For those already familiar with his past track record, this seems like sure money. Having captained the Goodie Mob through the ups and downs of three albums in the last ten years, the group’s most popular and recognizable member now strikes out as a soloist for the first time. Last year’s “Sexual Chocolate” off the “Violator V2.0” compilation was a teaser which had a digitally manipulated Cee-Lo speed-rapping about the joys of getting your groove on. Although he slowed it down a little for “Closet Freak” on his “Perfect Imperfections” LP, he didn’t turn down the heat at all. Sing-rapping in a style Nelly made national but imperfect Cee-Lo made perfect, this song is an ode to letting it ALL hang out and basically being yourself:
“Now everybody that’s grown got skeleton bones they got hidden away
Yes y’all there’s a freak in us all, yet some choose not to say
You can’t let those who ain’t yet, make you they lil’ ball of clay
Be free and express yourself, nastiness comes naturally
Listen to me now
It could be the way I wanna freak a song, tattoos, or the way I dress
Or it could be; I wanna walk my way and refusin to follow the rest
Or when people haven’t been where you been and they say you still goin too far
Or when you wit ya girl and pull over and fuck somethin in the back of the car”

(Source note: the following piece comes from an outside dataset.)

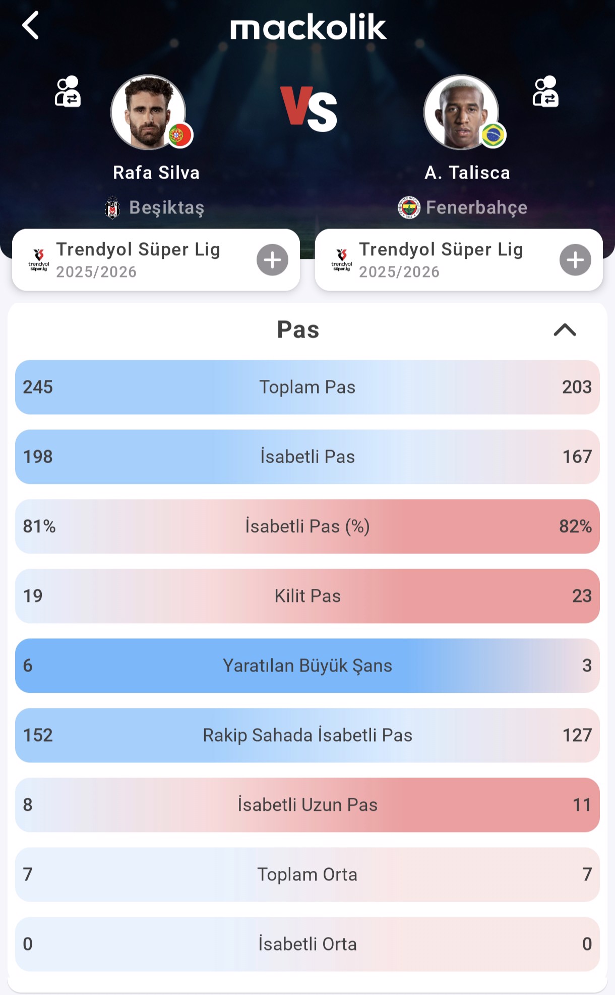 Anderson Talisca ise pas kalitesinde benzer bir başarı oranına sahip olmasına rağmen ( %82 isabet oranı ), pasların yönü ve niteliği açısından farklı bir profil çiziyor. 203 pas denemesi, 23 kilit pas ve 3 büyük şans yaratma verileriyle Fenerbahçe'nin hücum hattına doğrudan katkı sağlıyor. Ayrıca 11 isabetli uzun pasla oyunun yönünü sık sık değiştiren Talisca, geriden aldığı topları riskli ama etkili biçimde üçüncü bölgeye aktarıyor.

Defying the odds that self-produced rappers often fail to make their own shit hot, “Closet Freak” contains all the musical elements of a huge hit: swinging bass, a catchy sing-a-long hook, stabs of the horny horns and even pianos punctuating his lines. Far from being a fluke, this sound is representative of Cee-Lo’s production style. Rappers have often borrowed from the soulful sounds of the 70’s to punch up their hits, but Cee-Lo for the most part prefers to create his own P-Funk. “El Dorado Sunrise (Super Chicken)” is the perfect example: horns by Kebbie Williams and Russell Gunn, guitar by Carlos Glover, bass and organ by Charles Pettaway. Give it up to the C-Funk; they deserve as much credit for making this album thump and bump as the lead vocalist does himself.

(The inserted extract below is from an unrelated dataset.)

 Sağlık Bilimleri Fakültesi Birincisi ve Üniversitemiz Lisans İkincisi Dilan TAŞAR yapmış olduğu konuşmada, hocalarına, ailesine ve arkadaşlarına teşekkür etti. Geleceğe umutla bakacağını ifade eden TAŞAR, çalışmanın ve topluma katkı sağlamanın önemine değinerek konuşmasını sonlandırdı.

Haters are probably looking for an opportunity to knock this shit down a peg or two and they’ll insist that “Cee-Lo is a damn rapper and don’t have no business singin’.” As he says on “One For the Road” though, “relax, it’s okay, and ride out.” Doubters have to admit that this song proves that Cee-Lo still cares about his rhymes, written not just to bling bling but to reveal his inner spirit and expand your consciousness:
“I have milleniums of material and rivers of rhythm
An entire ocean of emotion that’s enlightened to swim in
Also a forest of feeling beating paths of peace
Trapped inside my sihlouette I have to speak to release
Demanding – more from the pen, than a whore from the pen
The line between playin to win, and sin is thin
But I, walk it with grace and I talk it with taste
I am that raw, simply put, and I rest my case”

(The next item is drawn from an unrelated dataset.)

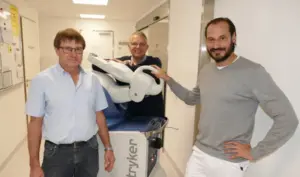 Auch die Chefärzte der beiden Kliniken für Orthopädie, Unfallchirurgie und Sporttraumatologie, Dr. Lutz Mahlke und PD Dr. Marco Ezechieli, sind von ihrem neuen technischen Helfer begeistert. „Die Robotik hat unsere Orthopädie auf ein neues Level gehoben“, so die Chirurgen. Inzwischen feierte der Roboterarm eine weitere Premiere: Er wurde bereits zur Implantation von Hüftgelenken eingesetzt. „Der Eingriff an der Hüfte ist noch einmal komplizierter, da das Gelenk schwerer zu erreichen ist als das Kniegelenk. Die bisherigen Operationen liefen ohne Komplikationen und die Ergebnisqualität ist sehr gut“, so Ezechieli. „Der Roboterarm ist die ideale Ergänzung zu einem erfahrenen Operateur. Er agiert während des Eingriffs nicht autonom, hilft uns jedoch exakter und fehlerfreier zu arbeiten. Das bereichert die Arbeit von uns Operateuren sehr. Ein OP dauert zwischen 45 und 90 Minuten – wir sind sehr routiniert, sodass ein Eingriff mit dem Roboterarm nur etwa fünf bis 10 Minuten länger dauert“, erklärt Mahlke.

The strangest that things get on this album may be his duet with John Popper on “Country Love.” Yes, that John Popper – the man of large girth and funky harmonica who sings for Blues Traveller. Well, why not? Hip-Hop tends to look down on this instrument far too much; some people have even argued that putting it in rap songs is “coonish.” Those who think so should take their argument up with either of these men: the brother sings, the white soul bro blows, and there’s not a damn thing wrong with either one of them. This is some Southern summertime soul, perfect for sipping on a Lynchburg Lemonade to.
Cee-Lo’s success is that in showing us his “Perfect Imperfections” he’s not afraid to be openly contradictory. On a skit, he’ll pose the spiritual question, “What would Jesus do?” even though he’s not afraid to say, “I’m bad, I’m bad, I’m bad I know I’m bad God damnit” on the song “Bad mutha.” Take a page from Run-D.M.C.’s history though – this is not bad meaning bad but bad meaning GOOD! Try to defy the pure funk this album exudes and you’ll fail, because from the slow sexy stylings of “Spend the Night in Your Mind” to the uptempo keys of the spiritual “Gettin’ Grown” to the rock’n’roll tweak within “Under Tha Influence (Follow Me)” it’s all good in Cee-Lo’s hood. By openly defying an attempt to be pigeonholed as just a rapper or just a singer, as just a thug or as just a righteous man, Cee-Lo Green gives an eclectic performance that is the best of ALL worlds. For the open-minded and the musically adventureous, hop on board for a ride with “Cee-Lo Green and His Perfect Imperfections” and enjoy the trip.